Among the entries below, only the lines from the one with "Camisa de fibrana" through the one with "3月24日,苏州峰学蔚来教育" are wanted, reproduced exactly. Pictures are not wanted.

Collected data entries
· · · · · · ·
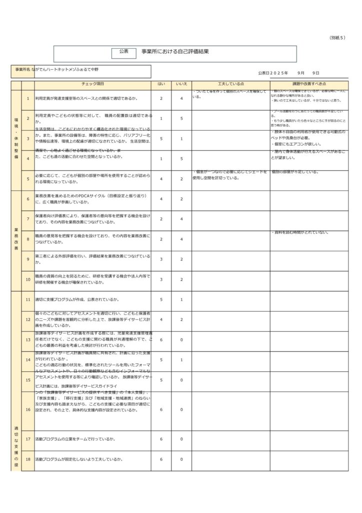 厚生省放課後デイサービスガイドに基づく 事業所における自己評価結果報告(令和7年9月)メゾふぉるて中野
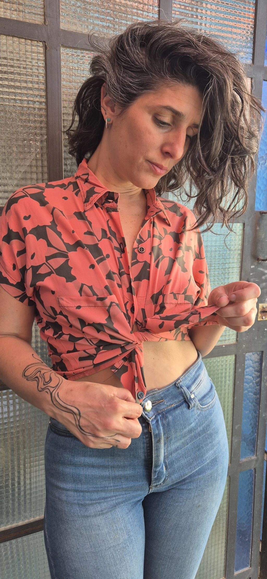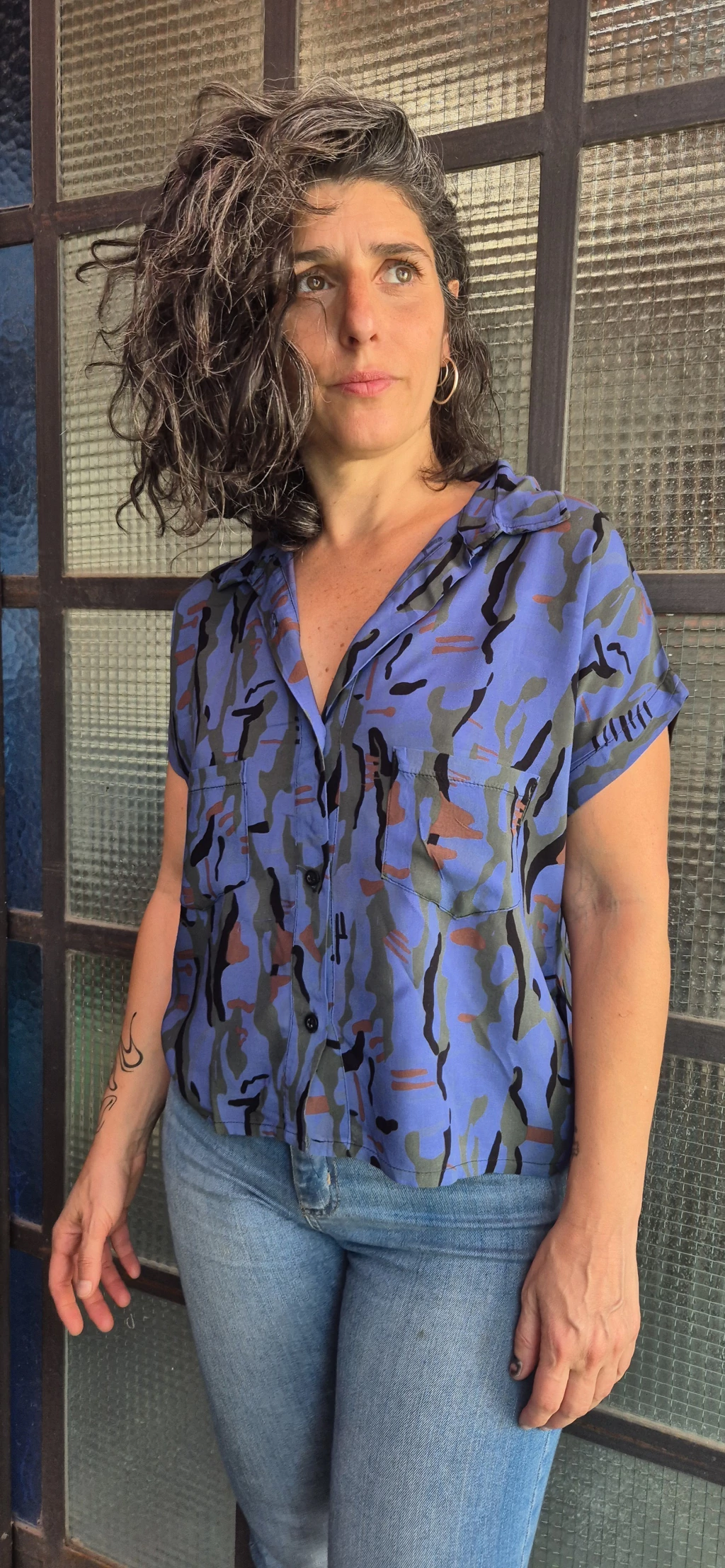 Camisa de fibrana 100% algodón,estampada, y botoncitos negros en el frente.
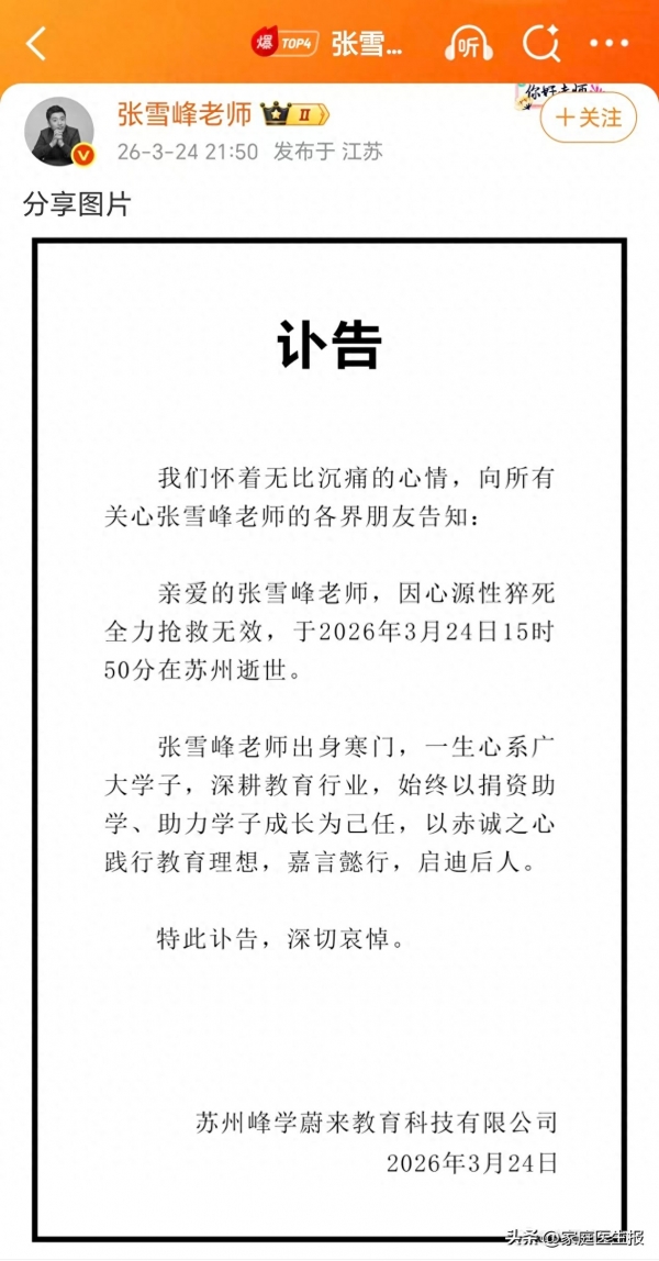 3月24日,苏州峰学蔚来教育科技有限公司发布讣告称,张雪峰因突发疾病,经抢救无效不幸去世。
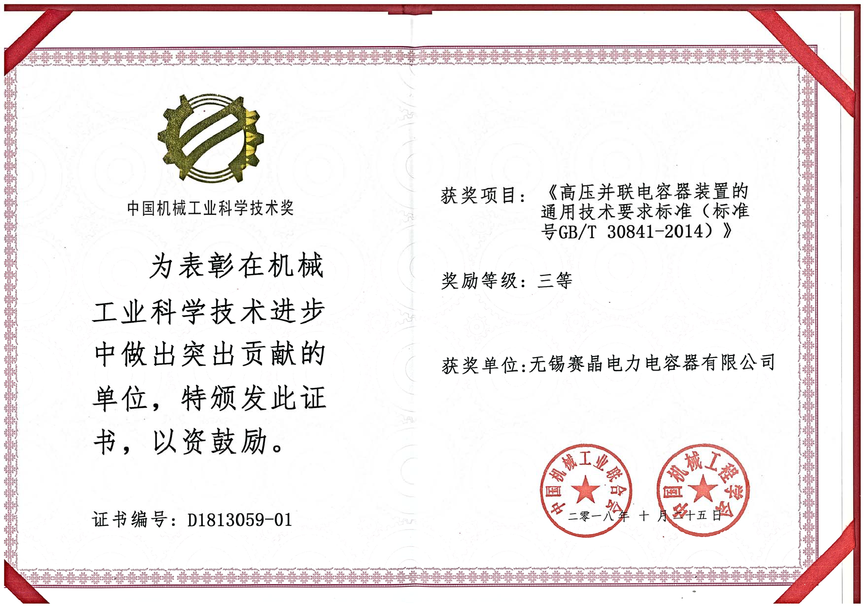 公司目前共申请专利55项,获授权专利37项����� �������Ƴ������������ �������Ƴ����������� �������Ƴ�������,其中5项发明专利,32项����� �������Ƴ������������ �������Ƴ�������实用新型专利。主导完成了����� �������Ƴ������������ �������Ƴ�������《GB/T30841-20����� �������Ƴ������������ �������Ƴ�������14 高压并联电容器装置的通用技术要求》、����� �������Ƴ����������� �������Ƴ����������� �������Ƴ������������ �������Ƴ�������《GB/T 11024.1-2019 标����� �������Ƴ������������ �������Ƴ������������ �������Ƴ������称电压在1000V以上交流电力系统����� �������Ƴ������������ �������Ƴ�������用并联电容器 第1部分:总则》两项国家标准的制修����� �������Ƴ������������ �������Ƴ�������订工作,其中主持制定的标准《GB����� �������Ƴ������������ �������Ƴ������������ �������Ƴ������������ �������Ƴ�������/T30841-2014 高压并联电容器装置的����� �������Ƴ����������� �������Ƴ������������ �������Ƴ������通用技术要求》荣获了中国机械工业科学����� �������Ƴ������������ �������Ƴ������������ �������Ƴ������������ �������Ƴ�������技术奖三等奖、电工标准-正泰创新奖一等����� �������Ƴ������������ �������Ƴ�������奖。2016年获评国家级高����� �������Ƴ������������ �������Ƴ�������新技术企业并连续保持;201����� �������Ƴ����������� �������Ƴ�������7年获评苏南国家自主创新示范区瞪羚����� �������Ƴ������������ �������Ƴ������������ �������Ƴ������������ �������Ƴ�������企业,获评惠山区智能制造示����� �������Ƴ������������ �������Ƴ������������ �������Ƴ������������ �������Ƴ�������范工程-智能车间和无锡市智能车间荣誉称号;2����� �������Ƴ������������ �������Ƴ������������ �������Ƴ������������ �������Ƴ�������018年获评国家级、省级两化融合管理体系贯标试����� �������Ƴ������������ �������Ƴ����������� �������Ƴ�������点;2019年成功申报无锡市企业技术中心。
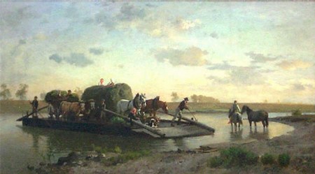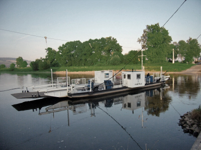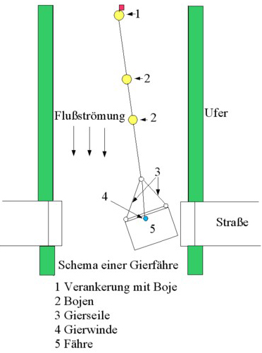 das ist die Funktion einer Gierseilfähre. Grafik: wikipedia Oberleitungsfähren beziehen ihren Strom aus einer Oberleitung wie eine Elektrolok. Schwebefähren müssten eigentlich Hängefähren heißen, denn sie schweben nicht über den Fluss, sondern hängen an Seilen über dem Wasser wie eine Seilbahn.
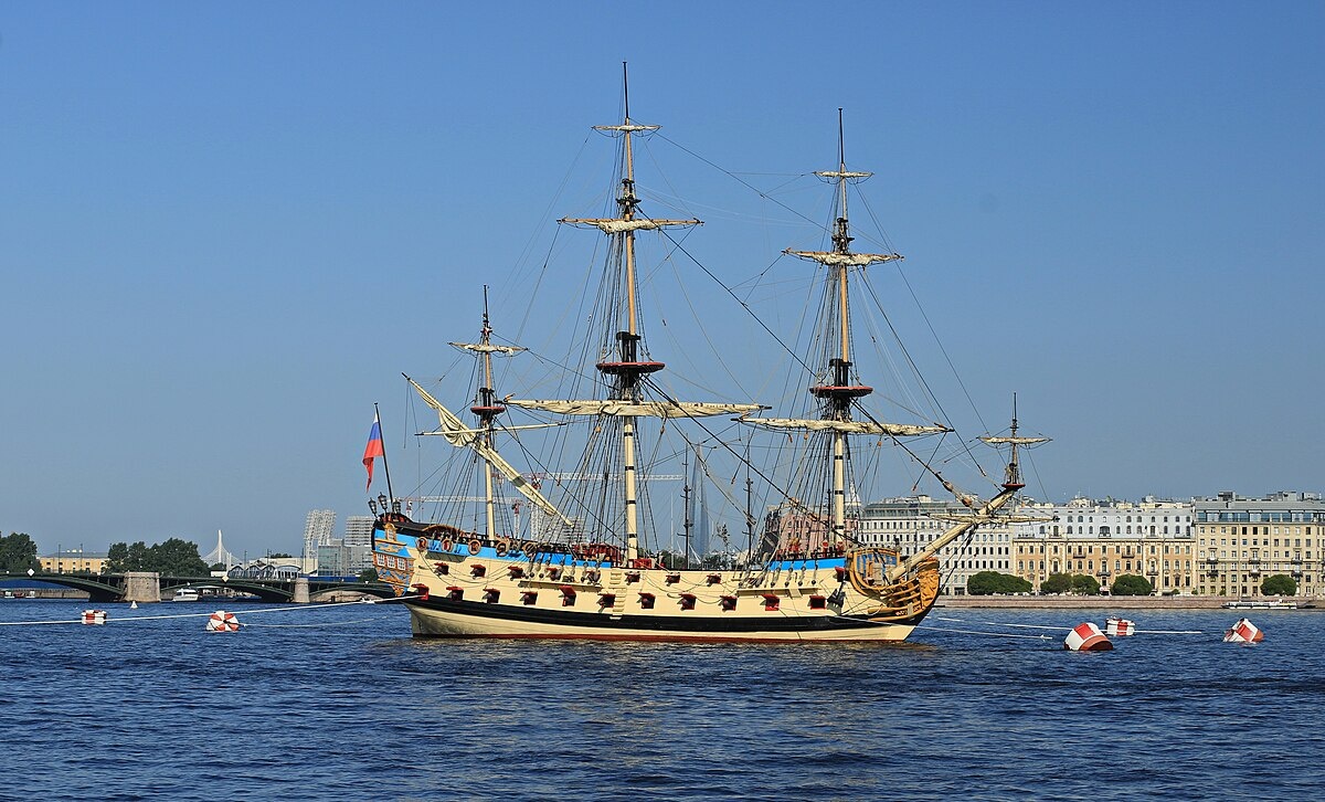 В Петровскую эпоху (конец XVII — начало XVIII вв.), первые корабли Балтийского флота несли на себе гладкоствольные орудия — пушки, единороги и гаубицы, отлитые из чугуна и бронзы. Калибры измерялись в фунтах (вес чугунного ядра). Основным боеприпасом было ядро для разрушения корпуса и картечь для поражения экипажа. Артиллерия располагалась по линейной схеме — в несколько ярусов вдоль бортов, что и дало название классу кораблей — линейный корабль. Тактика боя сводилась к сближению и нанесению мощного залпового удара.
· · · · · · ·
● **Result of the task**
 Camisa de fibrana 100% algodón,estampada, y botoncitos negros en el frente.
 3月24日,苏州峰学蔚来教育科技有限公司发布讣告称,张雪峰因突发疾病,经抢救无效不幸去世。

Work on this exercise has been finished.